We could scarcely rejoice at the thought of losing the glorious old ocean: The new heavens and the new earth are not attractive to our imagination if in fact there is literally going to be no great and wide sea with its gleaming waves and sandy shores. Should the text not be read as a metaphor tinged with the prejudice with which the oriental mind universally regarded the sea in the olden times?
A real physical world without a sea is a sad idea; it would be an iron ring without the sapphire that made it precious. There must be a spiritual meaning here. In the new dispensation there will be no division—the sea separates nations and divides peoples from each other. To John in Patmos the deep waters were like prison walls, shutting him out from his brethren and his work: There will be no such barriers in the world to come.
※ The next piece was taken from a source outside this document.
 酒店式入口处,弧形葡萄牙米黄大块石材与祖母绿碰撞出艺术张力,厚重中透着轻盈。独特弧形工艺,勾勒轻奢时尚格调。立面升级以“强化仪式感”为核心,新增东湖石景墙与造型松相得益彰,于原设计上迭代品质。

Leagues of rolling billows lie between us and family members whom tonight we prayerfully remember, but in the bright world to which we go there will be unbroken fellowship for all the redeemed family. In this sense there shall be no more sea.
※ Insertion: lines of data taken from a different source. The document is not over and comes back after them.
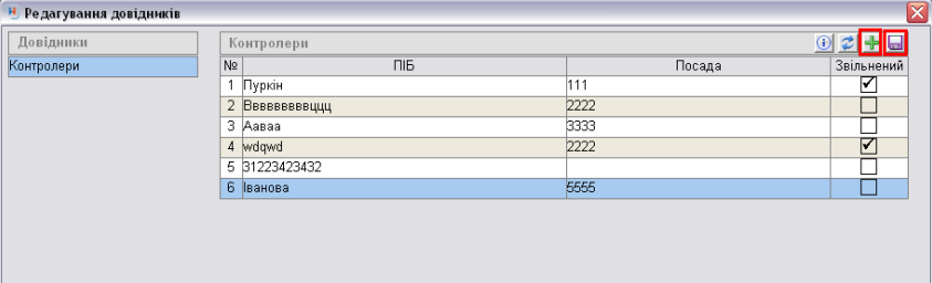 щоб додати контролера у довідник контролерів, натиснути кнопку "листок з ручкою", далі на кнопку "+", Записуємо ПІБ, посаду, далі "Зберегти" (дискета). Якщо контролер звільнений, у графі "звільнений" ставимо галочку — і нажимаємо зберегти "дискета", далі закриваємо вікно: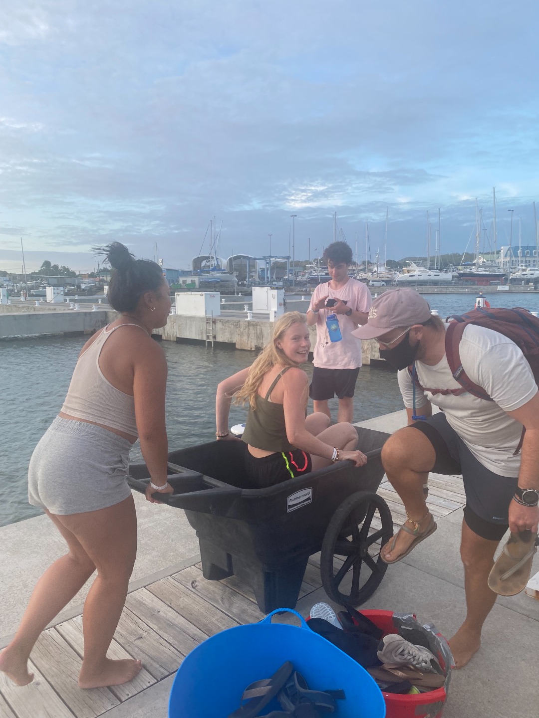 Picture 3: Ash getting back with provisions while Sunny and Sarah ness around with a dock cart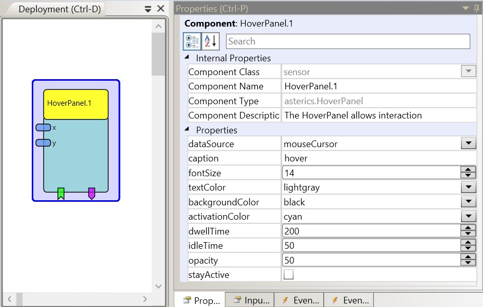 This component creates a panel window with selectable opacity which can be placed anywhere on the screen/desktop. No window decoration is used. The plugin provides x/y input port for coordinates and the panel reacts if these coordinates are located within the panel. Via a selectable hover time, events can be triggered if the coordinates stay within the panel for a given time. Note that the hoverPanel represents a seperate window and is not a child window of the ARE window.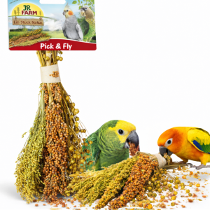 JR FARM Pick & Fly to naturalny suplement diety dla papug w formie bukieciku kłosów i całych nasion. Produkt zawiera starannie dobrane rośliny, które dojrzewają w naturalnych warunkach, dzięki czemu zachowują swój aromat i strukturę.

The sea is the emblem of change; with its ebbs and flows, its glassy smoothness and its mountainous billows, its gentle murmurs and its tumultuous roarings, it is never the same for very long. It is a slave of the fickle winds and the changing moon, and its instability is proverbial. In this earthly journey we have too much of this; earth is constant only in her inconstancy. But in our heavenly state all mournful change will be unknown, and with it every fear of storms that would wreck our hopes and drown our joys. The sea of glass glows with splendor unbroken by a wave. No tempest howls along the peaceful shores of paradise.
Soon we will reach that happy land where partings and changes and storms shall be ended! Jesus will guide us there. Are we in Him or not? This is the grand question.